If you were to twist my arm, I have always had this tiny part of me that dreamed of being an author. (Yes, yes, I have a non-fiction book out, but that’s different. Don’t ask me how.) Ever since I was a kid. Sometimes it was fantasy, sometimes horror (even a short time when I toyed with noir crime fiction). Over the past couple of years, with the published translations I’ve got my name on, I’ve had a vicarious taste of what being that kind of author feels like. And I like it. I’m really proud of the work I’ve done on Strange Pictures and the other books, books that people really seem to like (By the way: Strange Buildings is coming in February 2026!). That has partially satiated the tiny little hungry writer part in my ego. Still, though, there is part of me that wonders if I couldn’t make my own stories that people enjoy.

And then the other day, literary agents Eric Hane and Laura Zats of the excellent Print Run publishing industry podcast announced their own take on the National Novel Writing month concept, with Zoom check ins and shared writing goals and… Well.

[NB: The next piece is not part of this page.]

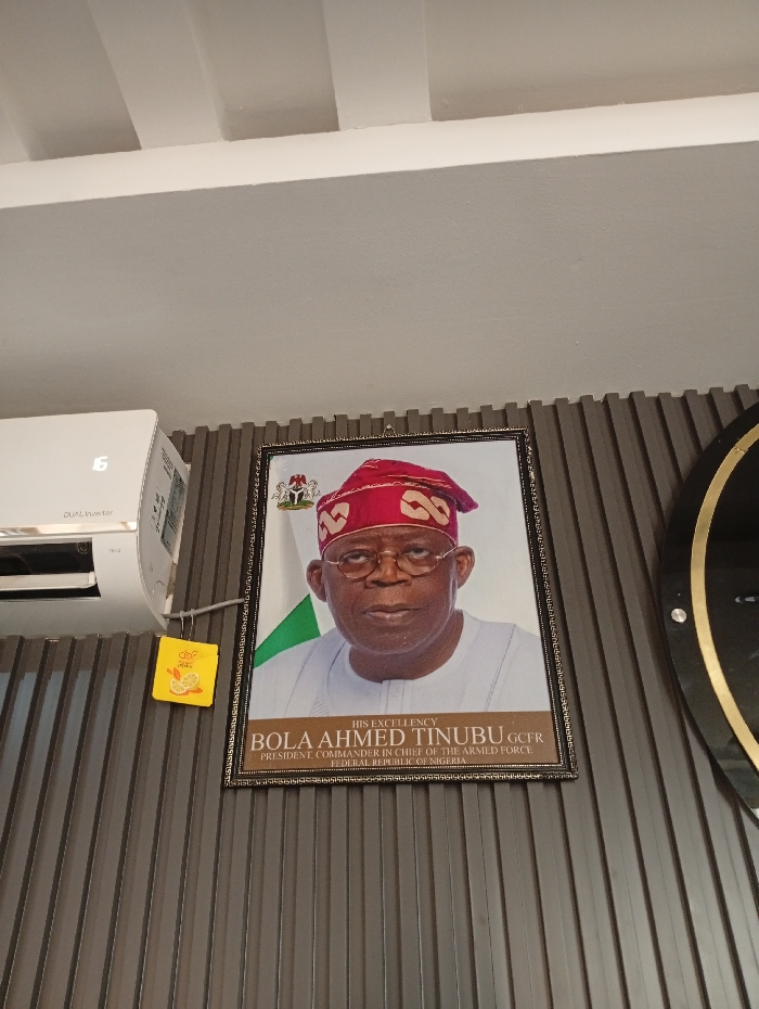 The image displays an interior scene, presumably within a government office or public building in Lokoja, Nigeria. A large, framed portrait of His Excellency Bola Ahmed Tinubu, GCFR, President and Commander in Chief of the Armed Forces of the Federal Republic of Nigeria, is centrally mounted on a dark grey, vertically fluted wall panel. The portrait depicts the president wearing a white agbada and a red traditional cap, with the Nigerian national flag and coat of arms visible in the background. To the left of the portrait, a white "DUAL Inverter" split air conditioning unit is affixed to the wall, displaying the number "16" on its digital interface. A small, yellow, square-shaped Lipton Lemon branded item hangs from a hook by a thin wire between the air conditioner and the portrait. A segment of a large, circular, black object with a gold rim is partially visible along the far right edge of the frame. The ceiling above is white and features prominent parallel structural beams. No individuals are present or engaged in any activity within the captured scene. The environment is formal and climate-controlled.

It got me a bit hot and bothered. Because I’ve had ideas lately, and this seems like the time to poke them and see what comes out. Like a sign, if you will.

So. Here I am. Trying to write. An hour a weekday/five hours a week. More or less. I’m not good with tight structures. But I’m getting up momentum and soon inertia will keep me on it. I’m already a good 3,000 words in on my very first epistolary/fake documentary horror “novel” on top of a short story I wrote last month.

I also got my wife roped into a ghostly photo shoot TO GREAT EFFECT and that in itself inspired the shit out of me.

Jim the novelist, on his way. Hopefully I’ll finish this thing by the time I’m 50…

Beach Hubbub

My morning walk took me out by the beach (as usual) but this morning there was quite a commotion. I’m assuming some kind of small fish washed up en masse, because there were rival gangs of ravens and black tailed kites tussling over *something* out there. But, to be honest, they weren’t tussling that hard. So there must have been a lot of whatever it was.

A black tailed kit swoops low over a gray, smooth sea.
Swoop
A few large brown raptors and black ravens are on a sandy, grassy beach. Mostly they are hidden by downward slope. In the foreground, a raven appears to be fleeing a raptor, flying toward the camera.
Hubbub
Two ravens and a black tailed kite are standing on a beach littered with driftwood. The ravens are staring at the kite, which is staring back.